Fig. 6. In utero gene transfer of a Wnt inhibitor phenocopies the Tcf4-/-; Lef1-/- facial defect. (A-C) Mouse embryos were injected at E10.5 with a control adenovirus encoding lacZ then collected 24 hours later and stained for ß-gal activity. Lateral and frontal views show widespread X-Gal staining, indicating widespread, unifrom adenoviral infection in the lateral nasal (l), frontonasal (f), maxillary (mx) and mandibular (mn) prominences. (D,E) Non-injected or (F,G) Ad-Dkk1-injected embryos were collected at E13.5 (i.e. 96 hours after injection at E9.5). (D,E) Control embryos show characteristic Wnt reporter activity in the face and limb buds; note activity in the apical ectodermal ridge (aer) and skeletal condensations of the forelimb (yellow asterisks). (F,G) Ad-Dkk1 treatment truncates Wnt-dependent forelimb and digit growth (inset); note corresponding reduction in Wnt reporter activity. (H-K') Comparison between control and Ad-Dkk1-treated faces. (H,H') Control embryos exhibit normal facial morphology and undisturbed boundaries of Wnt reporter activity in the face and whisker buds. (I-K') Ad-Dkk1-treated embryos show an increasingly severe facial malformation that parallels the reduction in Wnt reporter activity. For example, the width of the frontonasal prominence is variably expanded (compare red brackets) owing to a reduction in growth of the maxillae.

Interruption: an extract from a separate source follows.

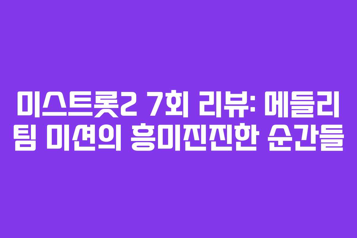 미스트롯2는 112팀으로 시작하여 본선 3차전에서 25명의 참가자가 남아 명승부를 펼치고 있습니다. 오디션 프로그램의 특성상 탈락자가 생기는 만큼, 매회 긴장감 넘치는 경연이 이어지고 있습니다. 이번 7회에서는 메들리 팀 미션이 진행되었으며, 지난 6회의 1:1 데스매치 결과가 이번 회차에 큰 영향을 미쳤습니다.

The more severe phenotypes correspond to the most dramatic reduction in Wnt reporter activity, so that the maxillary (mx) prominences are smaller and the frontonasal (f) is concomitantly larger. The reduction in X-Gal staining is clearly visible in Ad-Dkk1-treated whisker primordia. (L,M) Transverse sections through embryos collected at E13.5 (96 hours after injection at E9.5). Control (L, non-injected) nasal capsules show normal fusion of the facial prominences. In Ad-Dkk1-treated embryos (M), the reduction in maxillary growth is sometimes associated with facial clefting. Scale bars: white, 1 mm; black, 500 µm.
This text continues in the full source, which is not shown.